We also produced a second, more conventional type of test, where we would provide a question and a string that the bot’s answer should contain – for instance, a link to a Confluence page when asked about a Scott Logic topic. This second type of test would be cheaper to run as the output would not need to be “marked” by another LLM.
At this point, we had a baseline. There was some variability in the pass rate from run to run, but that was in the region of 5%. Our overall pass rate was about 65%, and it was always the same tests that would flip between pass and failure.

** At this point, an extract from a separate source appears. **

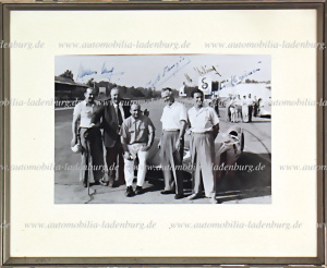 Handsignierte original s/w Aufnahme Mercedes-Benz Rennteam 1954, u.a. signiert von Juan-Manuel Fangio, Karl Kling, Hans Herrmann und Hermann Lang, gerahmt im Passepartout, 27x33cm

Once we had our baseline, we started to get a consistent view of the class of question the bot was having difficulty answering. We looked at the Confluence pages involved and spotted a common theme, which allowed us to make a specific improvement to the way the Confluence pages were ingested. We now have other types of question that the bot struggles to answer, and we have a pipeline of work off the back of this.
We intend to improve the quality of Scottbot in the short term by:
- Trying different LLMs in the backend
- Experimenting with multiple LLM invocations to produce a single answer
- Processing the Confluence data in a number of different ways
- Ingesting the data in larger chunks to retain more context.
- Ingesting the data in different formats to answer different types of questions. Some questions may demand a very specific answer, but others may entail listing all the pages that fulfil a set of criteria.
- Weighting the pages by metrics, such as the number of views or edits, the date of the last edit or even who the author is.
There will no doubt remain questions Scottbot cannot answer and so we’ll need to make a subjective judgement as to when it has achieved a sufficient level of quality. At that point, we’ll start to investigate pulling in data from other sources, such as our sales pipeline documents (pdfs on shared drives), Kimble, and Salesforce.
Ultimately, we’d really like Scottbot to be able to help with filling in timesheets or helping with travel requests and expense claims. But we have a bit more to do on the basics before we can get to that level of sophistication. We are also aware that this area is evolving rapidly, and we are fully prepared to throw away parts of what we have built as new solutions come on the market – both open source and proprietary, like Microsoft Co-Pilot. But we see value in more deeply understanding this technology (and how it integrates into other tech) ourselves and managing some of the risks of allowing our employees to use this technology day to day.
One other maxim that this project has resurrected is “Garbage in, garbage out”. It’s clear that our Confluence needs a little maintenance, and while changing the inputs to improve our pass rate would be somewhat underhand, the bot has highlighted some of the areas where one of our most important data assets is in need of some polish.